One of the great things about co-housing for me is that neighbors often compensate or fill in for gaps in my own interests and abilities. Consider, for example, that my 9-year-old daughter lacked a costume with just a couple days to go before Halloween. She didn’t even have a concept yet, let alone a functioning costume, and this weighed on me. I have to confess that I’ve never been a big Halloween fan in the first place; I like the idea of creating fun costumes, but buying plastic costumes and knocking on other people’s doors to ask for candy just irks me. Do we really need any more plastic or sugar in our lives?
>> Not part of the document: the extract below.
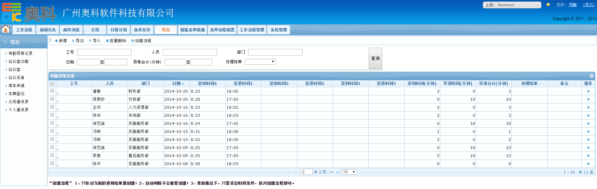 究竟能做些什么奥科OA协同办公平台面向全国企业提供在线使用服务。究竟奥科OA协同办公平台能为这些企业做些什么呢?首先,我们可以肯定的:考勤异常处理、网上报销、日程计划汇报、邮件消息、名片印刷申请、请假申请、出差申请、加班登记、会议安排、用车申请、工作交办、外出登记、借支申请、请款付款申请、发票申请等日常工作,都可以由奥科OA协同办公平台来协同完成。其次,奥科OA协同办公平台还提供强大的 自定义智能表单功能 ,可以满足企业更深入更高级的数据在线信息化的要求。 对于部分中小企业来说,有些流程是根本不需要走信息化系统来完成的。但是,总是有些流程,老板希望通过信息化系统来协同提高工作效率。比如:企业只要有考勤制度(比如指纹、打卡考勤),那总需要 考勤异常处理 吧;企业只要有月度、季度费用报销,那 网上报销 可以派上用场吧;企业只要有须安排和管理的工作任务,可共享可评阅的 日程计划汇报 应该是个不错的选择吧;其他的诸如邮件消息、名片印刷、请假申请、出差申请等等,也都是企业的常见功能以及常用流程,企业也可按需使用。 个别中小企业的老板,可能只希望那么两三条流程通过信息化系统来规范管理完成,但要花钱购买OA系统,又划不来,所以为难了。况且花了钱,买回来还不一定好用,所以更为难了。奥科OA协同办公平台为企业提供在线使用服务,专业的功能模块,让企业 低成本、零部署、零维护 直接在线使用OA系统,真正做到 低投入而大产出 协助企业成长。 考勤异常处理考勤异常处理作为最常用的企业流程处理之一,其流程大致如下: 一、从考勤机中导出考勤异常数据,按格式导入本系统中(本系统的导入格式基本与大部分考勤机的异常导出格式一致,如需具体考勤机型号,可联系奥科软件)。 二、一键发起异常处理流程。流程直接读取异常数据,并将领导审批的每条处理结果直接回写到异常数据,无需传统的人工邮件通知、领导邮件审批、最后人工合并处理结果。 简单两步操作,10天后(假如行政上规定10天内处理好考勤异常),导出需要惩罚(比如缺勤扣工资)的处理结果,交人力部门或者财务部门处理。 导入导出界面: ![]() 流程界面: ![]() 网上报销网上报销流程作为最常用的企业流程之一,其流程大致如下: 一、企业员工按照公司规定结合自身实际情况,通过网上报销单,提出报销申请。 二、提交流程经过部门审批、财务部审批(具体流程可调整),轻松即可完成网上报销。 流程界面: ![]() 日程计划企业日程计划与手机端日程安排或者PC端计划安排最大的区别是:企业的日程计划,是可以指定共享,是可以反馈评阅的,是可以监督执行,是可以最终形成汇报的,而这些都是手机独立APP或者PC独立程序无法做到的。 具体界面:

Well, thanks to close relationships with our co-housing neighbors, my daughter got an idea from a good friend a few houses away—her friend suggested they dress up as two bags of jelly beans, and my daughter was enthusiastic about working out this costume idea with a buddy. The girls did ask for some adult help here and there but mostly they pulled it off themselves and had a ball in the process. Candy and plastic aside, I’m happy—I’ve advanced two goals in my life: facilitating my daughter’s developing independence and finding opportunities for synergy with neighbors and friends.

Co-housing can make finding these opportunities for synergy so much easier. Trite as it sounds, life is easier and happier when you share both burdens and joys, provided that is what you are seeking. So, for the holidays, here are five things I’ve learned from my neighbors about making it more fun, more interesting, more connected, and more meaningful.

Nubi outing club on a local hike in late fall

Go outside, even when the days are short and the temperatures drop.
Nothing changes restless energy like cold, fresh air. There are lots of things to notice in a late autumn landscape. At Nubi, we are lucky to have a pond which typically freezes in December. Ideally, we can fit in a little ice-skating before significant snow arrives. We watch the water freeze, first in tractor tracks on the fields, later in the pond. We drill and measure the ice, listen for cracking, and get out our skates.

Neighbors of all ages discuss Farmer Boy

Connect celebrations with your own interests and goals.
I love reading and music, so my favorite holiday traditions at Nubi are a book discussion group, a contra-dancing party, and the New Year’s day neighborhood house concert. It turns out that many neighbors share my interests.

Decorating gingerbread lanterns

Build traditions on local talent.
Instead of looking far afield for inspiration, focus close to home. One of our neighbors, a music teacher and pianist, organizes and acts as master of ceremonies for the annual neighborhood concert, with grace and humor. Another neighbor, a terrific baker and organizer, leads the neighborhood in an annual gingerbread construction project.

Connect food with activities.
While I love to eat as much as the next person, something about the excessive focus on eating around the holidays is depressing. I’ve noticed that by sidelining holiday treats to fun activities, some of that focus on food shifts away. We exchange secret gnome gifts with a side of hot cocoa and cookies.

Learn from other people’s rituals, religious and otherwise.
Rather than watering down rituals to develop traditions that work for everyone, invite and celebrate diversity. One of our neighbors invites the neighborhood kids to light candles on the 8 evenings of Hanukkah. Another invites a Kirtan group to meet in our Common House regularly. Another helps to organize a meditation labyrinth on New Year’s Day. Vive la difference!